FCC chairman Julius Genachowski’s chief of staff and members of the commission’s office of strategic planning sat down with broadband providers including AT&T and Verizon, as well as Internet giants Google and Skype, to hash out differences on several issues.
A key topic during the two-hour discussion concerned net neutrality rules that would require network operators to treat all content equally, the “Washington Post” reported.
The meeting came two months after a federal court decision cast doubt on the FCC’s ability to enforce network neutrality. In that ruling, the U.S. Court of Appeals for the D.C. Circuit found that the FCC lacked the authority to stop Comcast from slowing traffic to a popular file-sharing website.
FCC chief of staff Eddie Lazarus told the newspaper that the commission held the meeting to “seize an opportunity.” Companies have already begun discussing various aspects of possible net neutrality regulations, considering, for example, how carriers could manage traffic on their networks and whether wireless services should be subject to the regulations.

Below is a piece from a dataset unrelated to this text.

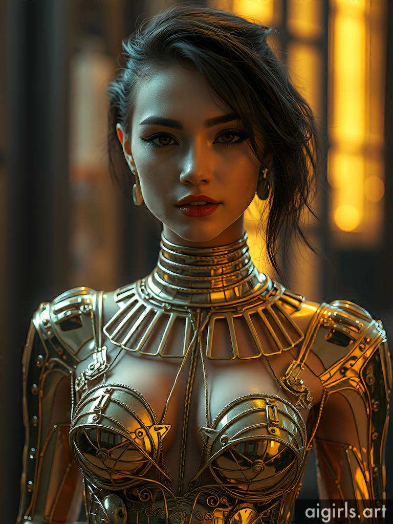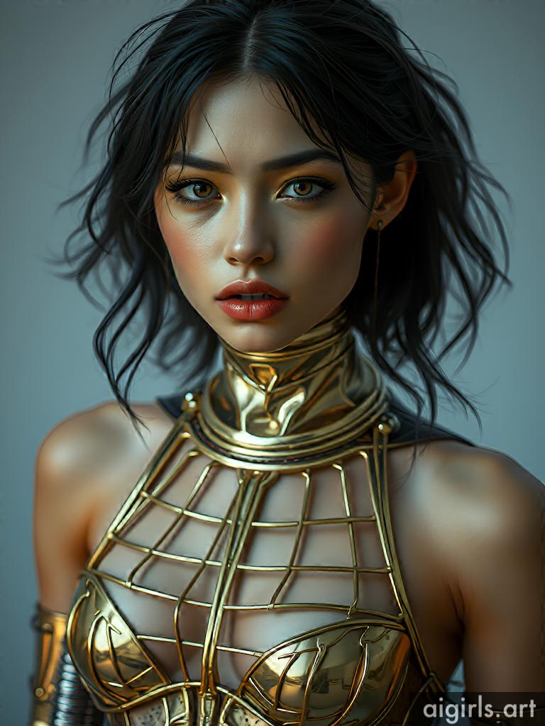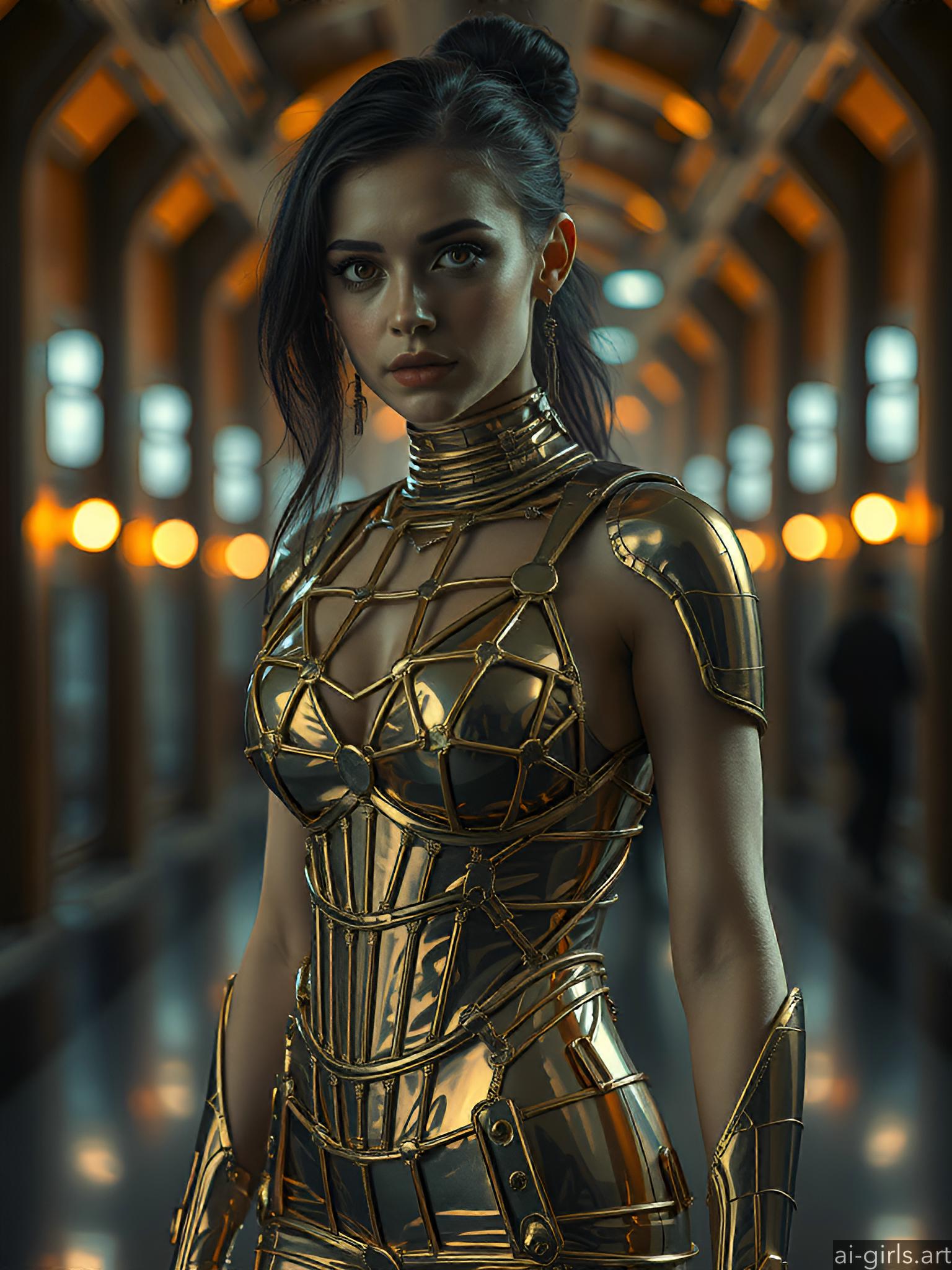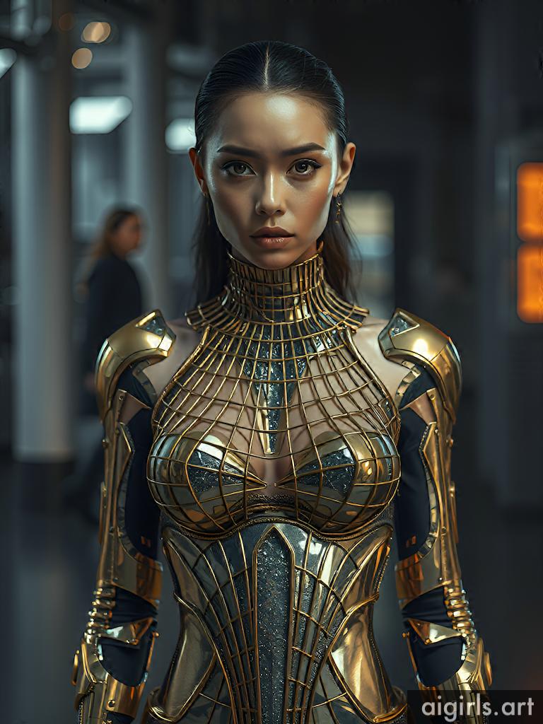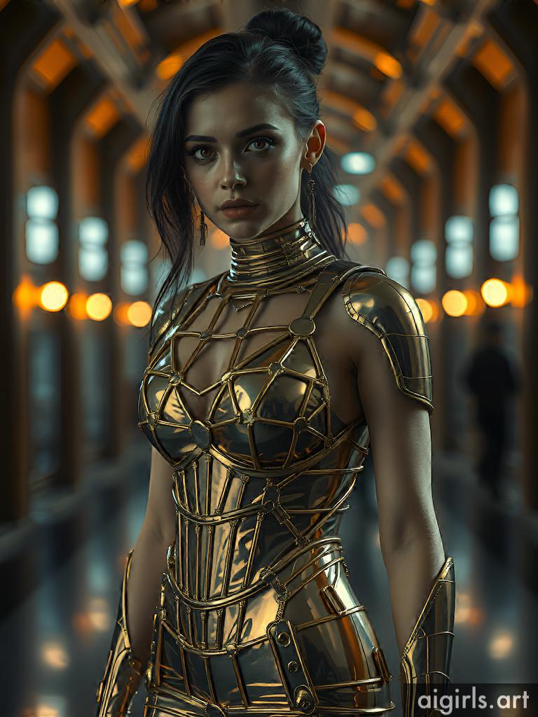 Woman in metallic dress

Public interest groups criticized the meeting, saying it should have been conducted with greater transparency, particularly if the agency is considering a retreat from its recently announced plans to re-regulate broadband. No public interest groups were invited.

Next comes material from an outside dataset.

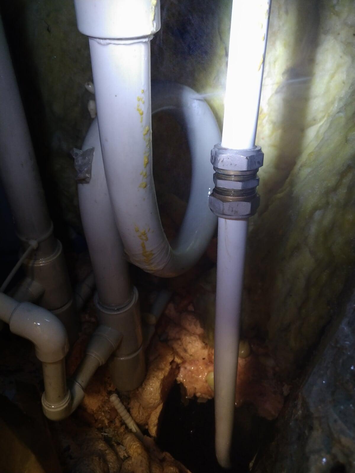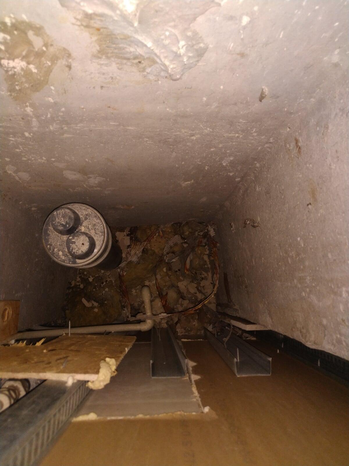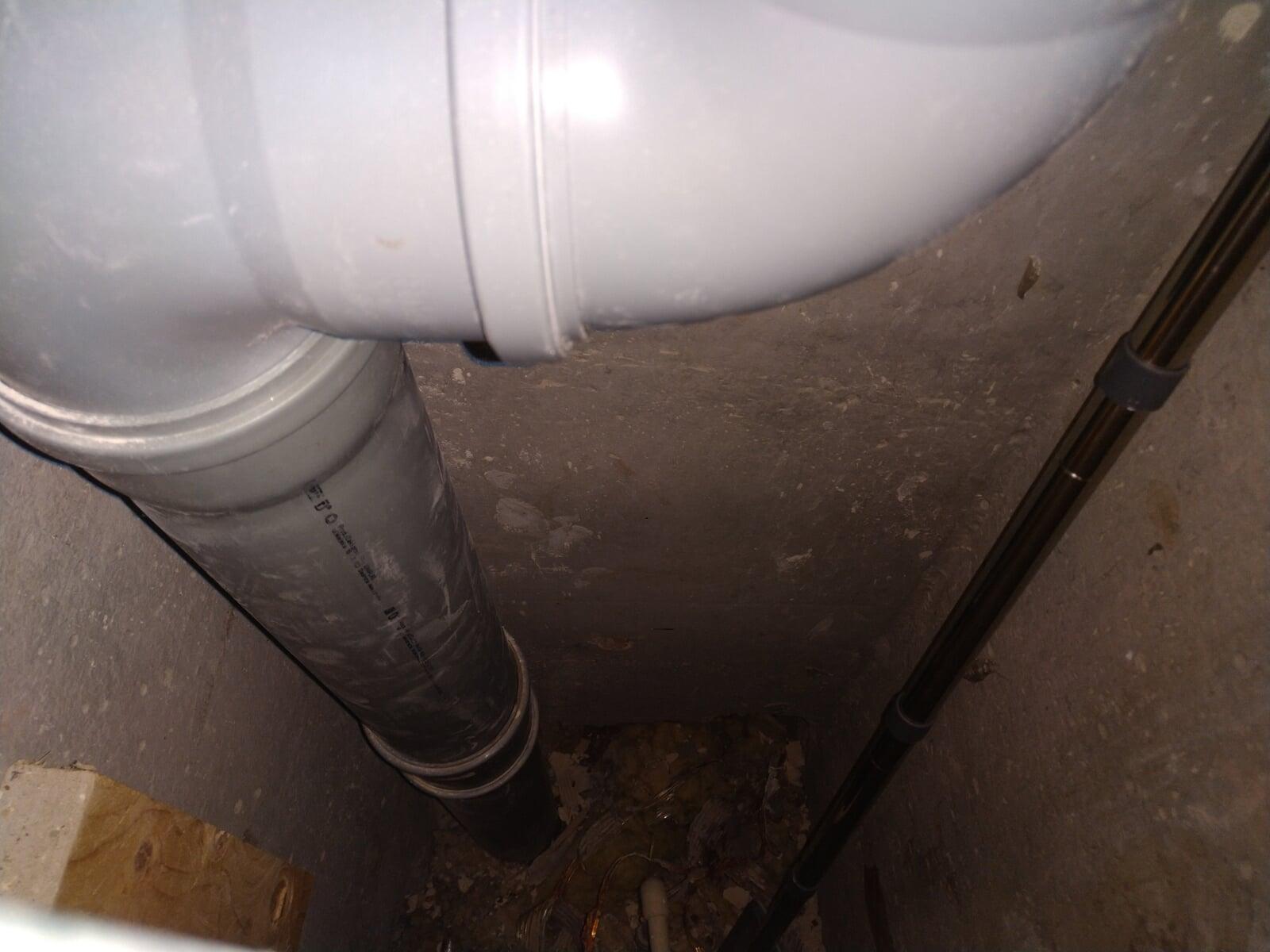 Suletud keldriosas on avastatud torustik, mis suunab reovee majast välja kanalisatsiooni. Torustiku ühendus oli kaheliiteline ja kasutamata liite osa ei olnud meie maja renoveerimisest saati suletud. Kasutamata liiteosa oli suletud kilekotiga ja selle ümber oli kilekoti hoidmiseks keeratud juhe. Aastate möödumisel on kilekott purunenud ja peakanalisatsiooni torustikust lekkis tohutu hais keldriosadesse. Seetõttu oli tunda trepikoja keldriosas sõltuvalt tuule suunast vahel suuremat ja vahel väiksemat kanalisatsiooni haisu.

“It is stunning that the FCC would convene meetings between industry giants to allow them to determine how the agency should best protect the public interest,” said Josh Silver, president and CEO of Free Press, a media advocacy group. “The Obama administration promised a new era of transparency, and to ‘take a backseat to no one’ on net neutrality, but these meetings seem to indicate that this FCC has no problem brokering backroom deals without any public input or scrutiny.